Probability and Timeline
I rate the probability of this signing as Medium.
Wrestling is a business of relationships. The Hardys have significant pull backstage in TNA. If Matt and Jeff enjoyed working with Vincent and Dutch during the build to Rebellion, they will absolutely advocate for the front office to sign them.
Furthermore, Tony Khan has been quietly letting contracts expire rather than releasing talent outright. It is highly likely that The Righteous are simply working through the final days of their previous agreements.

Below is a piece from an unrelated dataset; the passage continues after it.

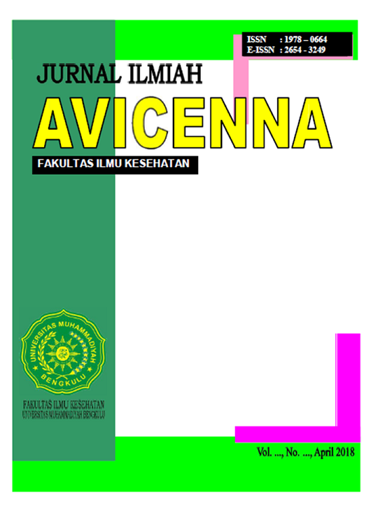 Editor in Chife : Wulan Angraini (Scopus ID: 57204560344) Managing Editor : Emi Kosvianti (Scopus ID: 57218139380) Frequency Publish : 3 per year (April, Agust and December) Publisher : Program Studi Kesehatan Masyarakat, Fakultas Ilmu Kesehatan, Universitas Muhammadiyah Bengkulu Citation Analysis : Google Cendekia, Sinta, Dimensions Jurnal AVICENNA is a journal published by the Public Health Department, Faculty of Health Science, the University of Muhammadiyah Bengkulu since 2006. This journal contains writings that are based on the results of research in the fields of Public Health (nutrition, epidemiology, environmental health, health reproduction, health education, behavior science, administration and health policy, management of health services, and occupational health). This journal is a quarterly (April, August, and December) periodical that considers for publication original articles as per its scope. -

If the deal is signed, expect a formal confirmation shortly after the Rebellion pay-per-view. It is standard practice in TNA to debut or confirm new signings during the immediate post-PPV television tapings.
The Final Verdict
The impact on the TNA roster will be immediate but modest. The Righteous are not needle-movers. They are not going to spike the television ratings on Thursday nights.
What they provide is functional stability. They will eat up television time. They will anchor a mid-card feud. They will credibly challenge for the tag titles. In the chaotic business of professional wrestling, sometimes a promotion does not need a game-changer. Sometimes, they just need two reliable guys who are willing to bleed and make the aging champions look good. The Righteous are ready to play that exact role.